Владимир Рублев - Семья
И добавил:
— Пора... Все-таки уже двадцать лет... — Он пожал покрасневшей, растерявшейся Галине руку, а в глазах его мелькнул какой-то особенный, зовущий огонек...
...Вернувшись сегодня из школы, Галина не застала Валентина дома. Это удивило ее: обычно Валентин никуда не уходил во второй половине дня, когда она возвращалась из школы. Девушка занялась хозяйственными делами, затем села проверять тетради, а его все не было. «Куда он мог пойти? — все больше тревожась, думала она. — Хотя бы записку оставил».
Он пришел перед вечером, мрачный, насупленный. Галина даже не обернулась, капризно решив наказать его молчанием за самовольный уход и за свое тревожное беспокойство.
Но Валентин не раздевался.
— Я... уезжаю сегодня... — тихо сказал он, и Галина вдруг все поняла.
Она быстро встала, но не пошла к нему, а как-то сгорбилась, отвернувшись к окну.
— Что ж... Если тебе у нас не нравится, то... пожалуйста... — произнесла она наконец.
А сама вдруг ощутила в сердце холодящую пустоту, лишь в голове билось одно и то же: «Неужели все?! Неужели он так вот и уедет?! Нет, нет, так нельзя, я не хочу, чтобы он уезжал...»

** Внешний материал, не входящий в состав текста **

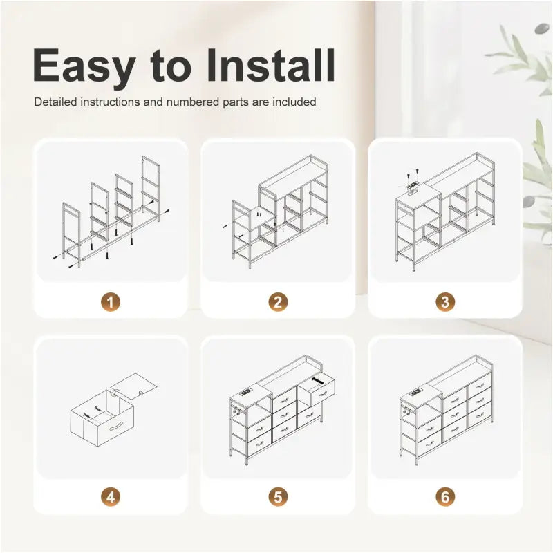 De BukkitBow Vintage Ladekast biedt veelzijdige opbergruimte met 8 stoffen laden, elk ontworpen om een groot aantal kledingstukken te huisvesten, zoals sokken, T-shirts en jeans. Daarnaast beschikt de kast over een open compartiment en twee werkbladen voor vaak gebruikte voorwerpen. Met twee haken aan de zijkant kunnen sleutels, tassen en andere kleine items netjes worden opgehangen.

— Эх, Галинка, — шагнул к ней Валентин и вдруг решительно повернул ее к себе. — Мне, конечно, от этого легче не будет, если я уеду. Пойми это. Но и так вот, как сейчас, я не могу. Ну, подумай — на каких правах я живу здесь? Как друг Александра Васильевича? Но даже самые лучшие друзья так долго не задерживаются в доме, где... нет хозяина. Впрочем, все это не то, ты и сама знаешь, что заставляет жить меня здесь... А ты... Или ты боишься решить для себя раз и навсегда — так или не так? Правильно я тебя понял, да!
— А что же... я должна делать? — опустила голову Галина, чувствуя, что это — решительное объяснение и ей нельзя сейчас ни отшучиваться, ни сердиться. Ведь она его действительно любит...
— Ты знаешь, о чем я говорю... — усмехнулся Валентин, не выпуская ее рук. — Одно лишь твое слово — и все будет по-другому.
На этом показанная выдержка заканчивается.